La batalla la terminó Natera, algunos dicen que con crueldad, ¡pero qué otra cosa sino cruel es la guerra! Lo hizo cuando se dio cuenta de que los federales que aun estaban agrupados, pretendían huir desde el Cerro de La Bufa, por la falda de la montaña del lado del crestón Chino. De forma incontenible trataban de alcanzar la carretera de la Villa de Guadalupe para dirigirse hacia el sur. Su intención era pedir refuerzos y reagruparse. Natera lo impidió cazándolos con ametralladoras, fusiles y otras armas de fuego. El camino quedó sembrado de cadáveres, al igual que el resto de la ciudad. La Toma de Zacatecas había terminado.
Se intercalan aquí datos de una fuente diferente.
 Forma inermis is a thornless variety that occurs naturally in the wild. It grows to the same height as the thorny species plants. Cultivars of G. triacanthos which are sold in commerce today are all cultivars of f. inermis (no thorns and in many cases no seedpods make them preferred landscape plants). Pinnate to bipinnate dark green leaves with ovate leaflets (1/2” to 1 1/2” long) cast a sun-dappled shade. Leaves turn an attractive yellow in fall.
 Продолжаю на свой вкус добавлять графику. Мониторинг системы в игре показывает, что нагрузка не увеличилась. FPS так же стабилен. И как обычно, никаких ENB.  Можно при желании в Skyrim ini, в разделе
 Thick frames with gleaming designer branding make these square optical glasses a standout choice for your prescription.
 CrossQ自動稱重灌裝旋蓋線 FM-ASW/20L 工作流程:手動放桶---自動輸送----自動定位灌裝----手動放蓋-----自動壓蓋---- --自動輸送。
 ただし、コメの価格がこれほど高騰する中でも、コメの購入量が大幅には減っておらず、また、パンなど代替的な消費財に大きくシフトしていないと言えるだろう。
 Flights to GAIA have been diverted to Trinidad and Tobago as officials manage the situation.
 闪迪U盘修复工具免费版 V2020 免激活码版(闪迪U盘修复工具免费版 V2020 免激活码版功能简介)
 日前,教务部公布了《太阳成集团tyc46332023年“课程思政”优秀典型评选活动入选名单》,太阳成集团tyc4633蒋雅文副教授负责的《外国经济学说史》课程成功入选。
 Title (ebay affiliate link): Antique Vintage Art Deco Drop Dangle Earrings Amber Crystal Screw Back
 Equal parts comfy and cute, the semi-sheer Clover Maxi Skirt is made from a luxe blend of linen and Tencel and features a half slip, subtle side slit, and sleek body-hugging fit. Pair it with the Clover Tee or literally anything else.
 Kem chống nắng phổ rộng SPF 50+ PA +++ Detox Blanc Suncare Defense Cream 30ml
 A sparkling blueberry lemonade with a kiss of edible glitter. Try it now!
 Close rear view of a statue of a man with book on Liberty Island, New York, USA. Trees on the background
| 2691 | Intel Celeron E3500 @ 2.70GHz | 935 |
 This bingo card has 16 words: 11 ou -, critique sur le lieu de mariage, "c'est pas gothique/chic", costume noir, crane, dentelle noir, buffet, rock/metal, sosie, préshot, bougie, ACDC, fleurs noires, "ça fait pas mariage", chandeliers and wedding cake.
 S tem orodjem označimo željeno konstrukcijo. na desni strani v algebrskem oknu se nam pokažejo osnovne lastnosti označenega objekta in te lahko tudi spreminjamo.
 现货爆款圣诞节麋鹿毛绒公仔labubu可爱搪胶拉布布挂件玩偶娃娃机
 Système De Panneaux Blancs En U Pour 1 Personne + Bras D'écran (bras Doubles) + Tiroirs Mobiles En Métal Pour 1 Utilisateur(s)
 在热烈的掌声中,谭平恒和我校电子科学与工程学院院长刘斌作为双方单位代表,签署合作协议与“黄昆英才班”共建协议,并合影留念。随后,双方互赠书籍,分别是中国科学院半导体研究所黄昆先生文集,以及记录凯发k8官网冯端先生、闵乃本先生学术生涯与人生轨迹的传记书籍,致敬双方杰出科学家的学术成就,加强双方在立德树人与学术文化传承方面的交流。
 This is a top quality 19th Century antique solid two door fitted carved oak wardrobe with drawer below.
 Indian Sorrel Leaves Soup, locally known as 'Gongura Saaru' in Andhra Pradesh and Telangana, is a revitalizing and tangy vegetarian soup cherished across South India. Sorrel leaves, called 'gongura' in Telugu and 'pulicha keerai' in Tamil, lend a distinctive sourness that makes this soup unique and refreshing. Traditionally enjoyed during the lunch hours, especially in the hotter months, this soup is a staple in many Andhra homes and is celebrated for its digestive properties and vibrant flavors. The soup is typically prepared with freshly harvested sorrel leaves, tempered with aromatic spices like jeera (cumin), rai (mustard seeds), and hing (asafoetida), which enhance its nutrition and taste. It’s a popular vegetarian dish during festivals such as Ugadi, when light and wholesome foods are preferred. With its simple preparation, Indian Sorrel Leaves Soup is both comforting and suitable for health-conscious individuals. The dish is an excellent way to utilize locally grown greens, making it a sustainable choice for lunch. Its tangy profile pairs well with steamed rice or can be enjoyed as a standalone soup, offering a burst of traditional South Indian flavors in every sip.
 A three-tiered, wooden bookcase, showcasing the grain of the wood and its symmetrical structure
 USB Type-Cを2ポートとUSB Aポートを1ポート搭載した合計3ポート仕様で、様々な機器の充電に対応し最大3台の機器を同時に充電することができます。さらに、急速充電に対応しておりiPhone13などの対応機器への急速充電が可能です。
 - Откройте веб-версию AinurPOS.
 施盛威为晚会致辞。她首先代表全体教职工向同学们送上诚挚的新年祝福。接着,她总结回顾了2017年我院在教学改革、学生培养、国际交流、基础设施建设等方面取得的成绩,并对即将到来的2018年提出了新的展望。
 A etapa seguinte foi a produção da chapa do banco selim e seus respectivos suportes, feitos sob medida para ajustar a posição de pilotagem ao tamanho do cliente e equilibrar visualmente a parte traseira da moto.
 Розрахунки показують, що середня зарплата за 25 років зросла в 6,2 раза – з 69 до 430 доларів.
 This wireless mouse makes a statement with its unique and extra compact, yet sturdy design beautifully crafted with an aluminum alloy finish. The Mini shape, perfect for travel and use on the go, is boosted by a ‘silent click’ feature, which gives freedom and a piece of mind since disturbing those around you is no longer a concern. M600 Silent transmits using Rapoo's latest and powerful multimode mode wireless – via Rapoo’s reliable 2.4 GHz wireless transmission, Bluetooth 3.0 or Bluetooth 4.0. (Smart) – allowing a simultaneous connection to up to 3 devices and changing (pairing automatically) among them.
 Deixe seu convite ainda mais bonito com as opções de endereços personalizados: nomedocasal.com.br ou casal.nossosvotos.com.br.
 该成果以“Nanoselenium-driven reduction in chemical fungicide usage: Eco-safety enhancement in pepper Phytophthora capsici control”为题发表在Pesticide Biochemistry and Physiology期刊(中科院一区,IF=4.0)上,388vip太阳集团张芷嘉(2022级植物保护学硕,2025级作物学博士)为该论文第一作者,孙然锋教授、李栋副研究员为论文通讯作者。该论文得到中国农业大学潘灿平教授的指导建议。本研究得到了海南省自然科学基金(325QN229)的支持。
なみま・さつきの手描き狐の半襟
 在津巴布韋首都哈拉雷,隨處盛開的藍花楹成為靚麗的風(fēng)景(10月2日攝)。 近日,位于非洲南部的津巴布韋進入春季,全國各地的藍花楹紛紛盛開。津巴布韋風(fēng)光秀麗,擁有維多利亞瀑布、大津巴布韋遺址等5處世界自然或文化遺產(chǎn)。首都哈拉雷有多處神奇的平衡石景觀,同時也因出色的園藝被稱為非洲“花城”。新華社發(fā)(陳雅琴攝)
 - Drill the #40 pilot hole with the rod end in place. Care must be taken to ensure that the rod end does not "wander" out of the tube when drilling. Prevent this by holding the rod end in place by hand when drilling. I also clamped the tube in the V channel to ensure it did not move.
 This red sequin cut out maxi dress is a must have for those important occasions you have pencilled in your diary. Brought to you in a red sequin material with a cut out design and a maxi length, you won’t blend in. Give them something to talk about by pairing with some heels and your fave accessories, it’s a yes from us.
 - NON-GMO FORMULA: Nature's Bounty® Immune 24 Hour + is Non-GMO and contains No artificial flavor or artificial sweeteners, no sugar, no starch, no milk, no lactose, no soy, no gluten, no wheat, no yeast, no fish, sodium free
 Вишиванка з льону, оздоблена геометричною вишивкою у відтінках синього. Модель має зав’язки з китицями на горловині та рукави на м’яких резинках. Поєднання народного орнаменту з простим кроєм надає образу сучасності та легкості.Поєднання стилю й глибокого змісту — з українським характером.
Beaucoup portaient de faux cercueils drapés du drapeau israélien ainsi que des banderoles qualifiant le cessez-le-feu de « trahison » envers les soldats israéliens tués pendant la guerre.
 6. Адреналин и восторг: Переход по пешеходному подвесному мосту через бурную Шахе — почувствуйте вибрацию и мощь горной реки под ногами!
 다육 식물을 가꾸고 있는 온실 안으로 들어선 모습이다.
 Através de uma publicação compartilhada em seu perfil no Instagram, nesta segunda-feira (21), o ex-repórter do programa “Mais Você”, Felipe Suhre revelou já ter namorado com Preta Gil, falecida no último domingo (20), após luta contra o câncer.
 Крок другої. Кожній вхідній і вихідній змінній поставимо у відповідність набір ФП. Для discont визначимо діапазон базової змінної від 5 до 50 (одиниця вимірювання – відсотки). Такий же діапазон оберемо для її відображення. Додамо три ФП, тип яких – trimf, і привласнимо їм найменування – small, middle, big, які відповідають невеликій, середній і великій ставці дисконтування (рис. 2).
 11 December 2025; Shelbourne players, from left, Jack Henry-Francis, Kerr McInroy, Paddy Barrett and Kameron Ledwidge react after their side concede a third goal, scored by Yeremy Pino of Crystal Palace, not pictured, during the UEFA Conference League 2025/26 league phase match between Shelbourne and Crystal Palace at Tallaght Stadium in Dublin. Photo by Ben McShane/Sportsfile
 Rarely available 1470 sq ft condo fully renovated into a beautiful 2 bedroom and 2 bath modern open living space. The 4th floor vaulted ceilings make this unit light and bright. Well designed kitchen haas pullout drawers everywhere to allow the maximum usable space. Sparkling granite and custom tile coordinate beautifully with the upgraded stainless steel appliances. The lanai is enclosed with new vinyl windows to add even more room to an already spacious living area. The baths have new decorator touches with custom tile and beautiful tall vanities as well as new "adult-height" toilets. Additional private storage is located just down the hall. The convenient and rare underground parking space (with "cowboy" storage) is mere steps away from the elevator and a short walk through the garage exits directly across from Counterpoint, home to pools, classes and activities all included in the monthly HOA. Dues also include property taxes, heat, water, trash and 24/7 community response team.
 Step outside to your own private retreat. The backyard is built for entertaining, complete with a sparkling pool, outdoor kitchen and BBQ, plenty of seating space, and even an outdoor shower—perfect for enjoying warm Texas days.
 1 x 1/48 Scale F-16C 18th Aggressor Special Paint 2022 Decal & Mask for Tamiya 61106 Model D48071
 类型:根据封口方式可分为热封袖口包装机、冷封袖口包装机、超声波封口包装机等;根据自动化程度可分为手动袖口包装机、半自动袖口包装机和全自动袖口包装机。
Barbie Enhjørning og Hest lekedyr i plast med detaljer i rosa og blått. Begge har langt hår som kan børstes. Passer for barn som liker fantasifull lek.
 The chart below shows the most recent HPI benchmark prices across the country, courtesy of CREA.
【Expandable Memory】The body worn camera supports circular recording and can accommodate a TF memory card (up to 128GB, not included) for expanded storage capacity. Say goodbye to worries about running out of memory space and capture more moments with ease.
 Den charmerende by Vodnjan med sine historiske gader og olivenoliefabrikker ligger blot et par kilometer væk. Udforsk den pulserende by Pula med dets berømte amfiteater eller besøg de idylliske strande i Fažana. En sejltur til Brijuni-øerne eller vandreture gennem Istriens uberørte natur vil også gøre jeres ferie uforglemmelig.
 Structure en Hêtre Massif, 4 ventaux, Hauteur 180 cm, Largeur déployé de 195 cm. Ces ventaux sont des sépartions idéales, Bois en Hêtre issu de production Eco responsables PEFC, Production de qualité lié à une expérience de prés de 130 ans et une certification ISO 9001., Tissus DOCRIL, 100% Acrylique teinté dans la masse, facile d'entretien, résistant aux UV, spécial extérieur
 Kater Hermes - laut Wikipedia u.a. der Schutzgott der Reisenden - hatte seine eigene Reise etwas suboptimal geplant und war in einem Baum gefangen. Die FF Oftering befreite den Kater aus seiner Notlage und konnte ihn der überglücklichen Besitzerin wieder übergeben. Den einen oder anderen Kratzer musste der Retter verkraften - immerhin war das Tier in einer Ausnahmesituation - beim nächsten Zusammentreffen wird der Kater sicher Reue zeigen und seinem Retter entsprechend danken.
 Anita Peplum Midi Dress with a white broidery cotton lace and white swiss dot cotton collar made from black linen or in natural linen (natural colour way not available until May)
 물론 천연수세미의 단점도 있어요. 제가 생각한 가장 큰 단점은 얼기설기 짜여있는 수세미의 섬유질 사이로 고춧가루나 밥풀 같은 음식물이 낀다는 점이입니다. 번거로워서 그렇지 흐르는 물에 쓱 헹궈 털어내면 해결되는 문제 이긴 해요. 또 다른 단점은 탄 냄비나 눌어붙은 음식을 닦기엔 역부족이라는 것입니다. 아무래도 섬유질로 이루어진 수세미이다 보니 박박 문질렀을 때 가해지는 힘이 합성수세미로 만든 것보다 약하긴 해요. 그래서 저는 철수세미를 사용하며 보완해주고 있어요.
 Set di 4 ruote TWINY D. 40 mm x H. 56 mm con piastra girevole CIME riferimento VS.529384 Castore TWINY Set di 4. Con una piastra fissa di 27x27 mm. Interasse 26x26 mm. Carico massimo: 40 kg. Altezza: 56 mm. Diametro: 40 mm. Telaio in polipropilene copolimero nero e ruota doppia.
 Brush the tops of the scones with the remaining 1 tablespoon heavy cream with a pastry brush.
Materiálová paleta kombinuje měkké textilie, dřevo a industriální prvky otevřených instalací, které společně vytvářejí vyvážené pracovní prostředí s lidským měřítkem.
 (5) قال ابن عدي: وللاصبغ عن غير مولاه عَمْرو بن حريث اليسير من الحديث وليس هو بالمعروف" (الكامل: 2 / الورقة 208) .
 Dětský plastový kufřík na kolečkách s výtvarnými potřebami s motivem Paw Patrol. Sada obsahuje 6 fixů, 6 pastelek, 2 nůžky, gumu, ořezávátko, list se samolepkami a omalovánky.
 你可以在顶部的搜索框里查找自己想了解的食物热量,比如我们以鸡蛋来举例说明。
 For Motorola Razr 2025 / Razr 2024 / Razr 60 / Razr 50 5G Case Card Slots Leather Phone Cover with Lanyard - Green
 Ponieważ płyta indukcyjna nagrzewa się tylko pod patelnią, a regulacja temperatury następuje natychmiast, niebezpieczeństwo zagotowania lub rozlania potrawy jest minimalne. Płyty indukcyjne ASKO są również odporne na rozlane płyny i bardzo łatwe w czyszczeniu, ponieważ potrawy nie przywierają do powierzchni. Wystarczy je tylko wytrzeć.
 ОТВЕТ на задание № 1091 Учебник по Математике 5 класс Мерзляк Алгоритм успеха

¡Viva Villa! Comenzó a oírse repetidamente en las calles desiertas, entre gritos, disparos al aire y la entrada de hombres a caballo. Los federales que quedaban se batían en retirada desde el centro de la ciudad, donde se habían acuartelado al final. Allí se escuchaban los últimos tiroteos que protegían la salida de cerca de tres mil hombres con rumbo a Aguascalientes, mientras los zacatecanos escuchaban a la distancia, encerrados en sus casas, los clarines que ordenaban el cese al fuego.

La batalla había terminado y empezaba la guerra: la guerra para levantar una ciudad destruida, para levantarse cada quien entre el horror de lo vivido, para sobreponerse al hedor de los cadáveres de humanos y caballos, para buscar el sustento y la sobrevivencia frente a tanta devastación. La guerra duró para los zacatecanos 50 años más, porque nadie en México quería voltear a vernos luego del fin de las hostilidades, porque a cada cual le urgía comenzar su futuro, porque querían que los muertos enterráramos a los muertos, muy al estilo de García Lorca…y nos abandonaron. Y aquí estamos cerrando cicatrices todos los días y empezando otra vez a vivir, a cien años de la batalla de Zacatecas que hoy es festejada con fuegos artificiales, tan distintos y tan iguales en su sonido. Seguimos esperando la paz y el progreso que nos debe la Revolución.